Microorganisms in your Compost: The Famous Five
As I mentioned a previous article about bin composting, there are many different types of microorganisms that are responsible for breaking down the organic matter in your compost pile into nutrient rich humus. They can be broken down into five main categories:
Fits under your sink to store all your waste before you take it out. Comes with filter to eliminate smell.
Bacteria are the smallest and most commonly found organism found in compost; they make up about 80-90% of the microorganisms. They come in three different shapes and are all single celled organisms. They are structured as either rod shaped bacilli, spiral shaped spirilla or sphere shaped cocci. Bacteria are the most nutritionally diverse compost organisms and use many different enzymes to aid in the decomposing.
Most of the bacteria are mobile or move under their own power. They move by slipping and sliding around in the water that is in the compost so it is important to keep the pile moist. If not, then the bacteria will not be cable to move around and the pile will be unevenly composted. As the pile heats up, different types of bacteria are present at different temperature levels. There are even bacteria that are present when the pile heats up to 60C and above! At its highest levels, the bacteria Thermus have been isolated. This is a bacterium that was first discovered living in the geysers at Yellowstone National Park and are believed to have evolved there.
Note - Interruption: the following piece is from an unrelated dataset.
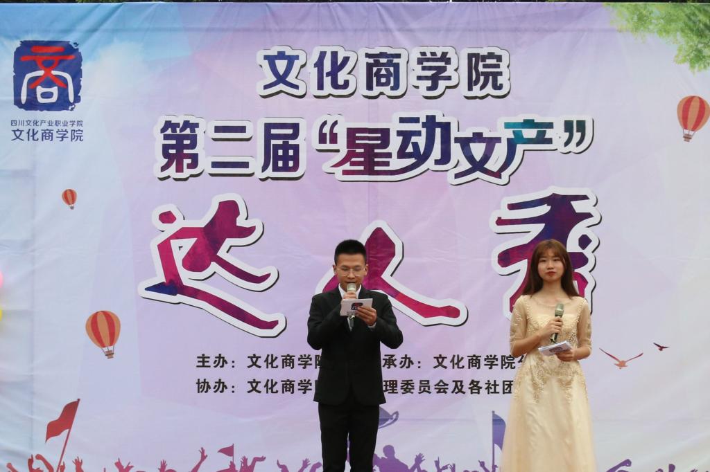 飞扬青春,秀出自我。5月8日下午,为了丰富同学们的第二课堂生活,挖掘学生潜质及特色,培养广大学子业余兴趣爱好,由文化商学院主办、分团委承办、社团管理委员会及各社团共同协办的第二届“星动文产”达人秀在我校艺体中心门前隆重举行,共计300名同学到达活动现场。

Acintomycetes are an interesting category of microorganism. They greatly resemble fungi in the way that they grow but they are actually a type of bacteria. They are primarily responsible for breaking down newspaper, and tough woody debris such as woodchips and roots. They also break down more complex organics such as cellulose, lignin, chitin, and proteins.
They are lacking of a nucleus like all bacteria but, like fungi, they grow multicultural filaments. If you notice long, grayish spider web looking things stretching on the top 10-20cm of your compost pile, do not fear, it is only the actinomycetes. They are most commonly seen in the ending stages of the compost process when only the most resistant compounds remain.
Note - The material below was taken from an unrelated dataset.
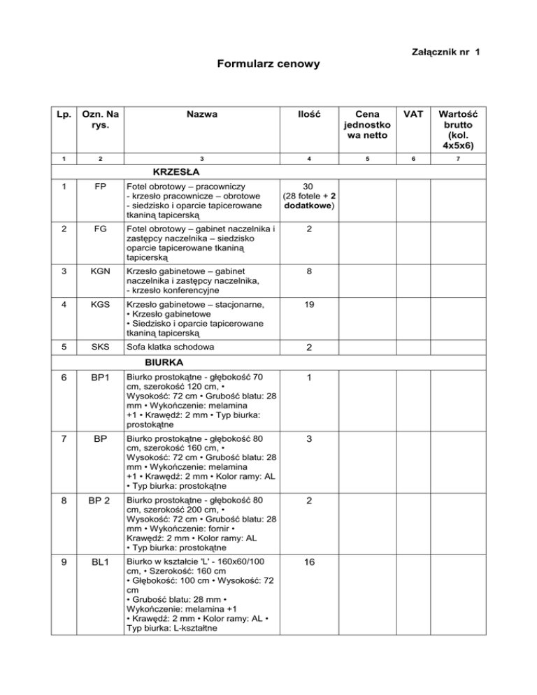 Załącznik nr 1 Formularz cenowy Lp. Ozn. Na rys. Nazwa Ilość Cena jednostko wa netto VAT Wartość brutto (kol. 4x5x6) 1 2 3 4 5 6 7 KRZESŁA 1 FP Fotel obrotowy – pracowniczy - krzesło pracownicze – obrotowe - siedzisko i oparcie tapicerowane tkaniną tapicerską 30 (28 fotele + 2 dodatkowe) 2 FG Fotel obrotowy – gabinet naczelnika i zastępcy naczelnika – siedzisko oparcie tapicerowane tkaniną tapicerską 2 3 KGN Krzesło gabinetowe – gabinet naczelnika i zastępcy naczelnika, - krzesło konferencyjne 8 4 KGS Krzesło gabinetowe – stacjonarne, • Krzesło gabinetowe • Siedzisko i oparcie tapicerowane tkaniną tapicerską 19 5 SKS Sofa klatka schodowa 2 BIURKA 6 BP1 Biurko prostokątne - głębokość 70 cm, szerokość 120 cm, • Wysokość: 72 cm • Grubość blatu: 28 mm • Wykończenie: melamina +1 • Krawędź: 2 mm • Typ biurka: prostokątne 1 7 BP Biurko prostokątne - głębokość 80 cm, szerokość 160 cm, • Wysokość: 72 cm • Grubość blatu: 28 mm • Wykończenie: melamina +1 • Krawędź: 2 mm • Kolor ramy: AL • Typ biurka: prostokątne 3 8 BP 2 Biurko prostokątne - głębokość 80 cm, szerokość 200 cm, • Wysokość: 72 cm • Grubość blatu: 28 mm • Wykończenie: fornir • Krawędź: 2 mm • Kolor ramy: AL • Typ biurka: prostokątne 2 9 BL1 Biurko w kształcie 'L' - 160x60/100 cm, • Szerokość: 160 cm • Głębokość: 100 cm • Wysokość: 72 cm • Grubość blatu: 28 mm • Wykończenie: melamina +1 • Krawędź: 2 mm • Kolor ramy: AL • Typ biurka: L-kształtne 16 10 BL2 Biurko w kształcie 'L' - 180x60/100 cm , • Szerokość: 180 cm • Głębokość: 100 cm • Wysokość: 72 cm • Grubość blatu: 28 mm • Wykończenie: melamina +1 • Krawędź: 2 mm • Kolor ramy: AL • Typ biurka: L-kształtne 8 DOSTAWKI 11 DB1 Dostawka do biurek w kształcie 'L' – 60x60 cm, • Szerokość: 60 cm • Głębokość: 60 cm • Wysokość: 72 cm • Grubość blatu: 28 mm • Wykończenie: melamina +1 • Krawędź: 2 mm • Kolor ramy: AL 4 12 DB2 Dostawka do biurek w kształcie 'L' – 80x60 cm, • Szerokość: 80 cm • Głębokość: 60 cm • Wysokość: 72 cm • Grubość blatu: 28 mm • Wykończenie: melamina +1 • Krawędź: 2 mm • Kolor ramy: AL 8 13 DB3 Dostawka do biurek prostokątnych o głębokości 60 cm - szerokość 60 cm, • • Wysokość: 72 cm • Grubość blatu: 28 mm • Wykończenie: melamina +1 • Krawędź: 2 mm • Kolor ramy: AL 3 14 DB6 Dostawka do biurek w kształcie 'L' – 100x60 cm, • Szerokość: 100 cm • Głębokość: 60 cm • Wysokość: 72 cm • Grubość blatu: 28 mm • Wykończenie: melamina +1 • Krawędź: 2 mm • Kolor ramy: AL 6 15 DB7 Dostawka do biurek w kształcie 'L' – 120x60 cm, • Szerokość: 120 cm • Głębokość: 60 cm • Wysokość: 72 cm • Grubość blatu: 28 mm • Wykończenie: melamina +1 • Krawędź: 2 mm • Kolor ramy: AL 2 16 DB8 Dostawka do biurek w kształcie 'L' – 120x80 cm, • Szerokość: 120 cm • Głębokość: 80 cm • Wysokość: 72 cm • Grubość blatu: 28 mm • Wykończenie: melamina +1 • Krawędź: 2 mm • Kolor ramy: AL 2 KONTENERY 17 KM Kontener mobilny piórnik + 3 szuflady 60 cm, • Szerokość: 43 cm • Głębokość: 60 cm • Wysokość: 59,5 cm • Wykończenie: melamina +1 • Krawędź: 2 mm • Kolor ramy: AL 29 18 CD Szafka mobilna „Caddy”, • Szerokość: 48 cm • Głębokość: 48 cm • Wysokość: 103 cm • Wykończenie: melamina +1 • Krawędź: 2 mm • Kolor ramy: AL 10 STOŁY 19 SK Stół konferencyjny o wymiarach 140x80 cm, • Szerokość: 140 cm • Głębokość: 80 cm • Wysokość: 72 cm • Grubość blatu: 28 mm • Wykończenie: melamina +1 • Krawędź: 2 mm • Kolor ramy: AL 2 20 SK1 Stolik kwadratowy o wysokości 72 cm, • Szerokość: 80 cm • Głębokość: 80 cm • Wysokość: 72 cm • Grubość blatu: 28 mm • Wykończenie: melamina +1 • Krawędź: 2 mm • Kolor ramy: AL 2 SZAFY 21 SzU Szafa ubraniowa – wysokość 189,5x44,5x80 cm, • Szerokość: 80 cm • Głębokość: 44,5 cm • Wysokość: 189,5 cm • Wykończenie: melamina +1 • Krawędź: 2 mm • Kolor ramy: AL 13 22 SZ Szafa z drzwiami płytowymi uchylnymi – wysokość 189,5x44,5x80 cm, • Szerokość: 80 cm • Głębokość: 44,5 cm • Wysokość: 189,5 cm • Wykończenie: melamina +1 • Krawędź: 2 mm • Kolor ramy: AL 32 23 SZN Szafa z drzwiami płytowymi uchylnymi – wysokość 114,5x44,5x80 cm, • Szerokość: 80 cm • Głębokość: 44,5 cm • Wysokość: 114,5 cm • Wykończenie: melamina +1 • Krawędź: 2 mm • Kolor ramy: AL 5 24 RD Regał na dokumenty – wysokość 189,5x44,5x80 cm , • Szerokość: 80 cm• Głębokość: 44,5 cm • Wysokość: 189,5 cm• Wykończenie: melamina +1 • Krawędź: 2 mm• Kolor ramy: AL 12 25 SM Szafa stalowa z zamkiem – wysokość 200x43,5x100 , • Szerokość: 100 cm • Głębokość: 43,5 cm 12 • Wysokość: 200 cm • Wykończenie: blacha 1,5 mm • Szafa na dokumenty SZAFY I REGAŁY MAGAZYNOWE 26 - Regał archiwum dwustronny 4 półki wym. 97x180x66 cm 16 27 - Regał archiwum jednostronny 4 półki 97x180x35 cm 14 28 - Regał archiwum jednostronny 5 półek 97x190x35 cm 2 WYPOSAŻENIE POMOCNICZE 29 WSP Wieszak ścienny z półką na ubrania 120x60x20 cm 3 30 PD Półka na drukarkę 60x35 cm 2 31 Wk Wieszak na komputer 29 32 - Półka na klawiaturę 59x34 cm 29 33 - Panel frontowy górny dwustronnie tapicerowany szer. 180 cm, wys. 56,5 cm 3 34 - Panel frontowy górny dwustronnie tapicerowany szer. 160 cm, wys. 56,5 cm 6 35 - Panel frontowy górny dwustronnie tapicerowany szer. 200 cm, wys. 56,5 cm 1 OGÓŁEM

Why was the mushroom invited to the party…
Because he was such fungi!!! And also because he played a huge role in the composting pile!!! However, the fungi’s that appear in your compost pile will be mostly in the form of molds, not recognizable mushrooms. Fungi break down all the large organisms that are too large for bacteria alone. They attack organisms that are either too dry, acidic or low in nitrogen for the bacteria to handle. That’s another important reason to keep the carbon-nitrogen balance...balanced. If it’s out of whack, the bacteria will not be at their most effective.
While fungi are found at all stages of composting, they are found mostly on the outer layer of the compost when it’s in its thermophilic phase. Just to clarify, thermophilic is when the compost is at a higher than normal temperature level. Accordingly, a thermophile is a bacterium that grows in hotter than normal climates. Mesophilic would be a moderate or medium temperatur
Protozoa are microscopic, one celled organisms similar to bacteria. They play a relatively minor role in the composting process but they are present. They are found in the water that is in the compost. They also act as secondary consumers eating all of the dead bacteria and fungi to keep the pile clean and healthy.
There’s not much to say about rotifers without getting more into biology than we need here. They are small planktonic organisms found in most freshwater worldwide. They are commonly used in fish tanks to keep the water clean because they eat algae and bacteria so they will help to keep the compost free of dead organisms.
- CORNELL Composting - Observing Compost Microorganisms
As these organisms are hard to see, it can be hard to get an idea of what I am talking about. This is a great link to the Cornell University page for ideas on how to observe your composting microorganisms.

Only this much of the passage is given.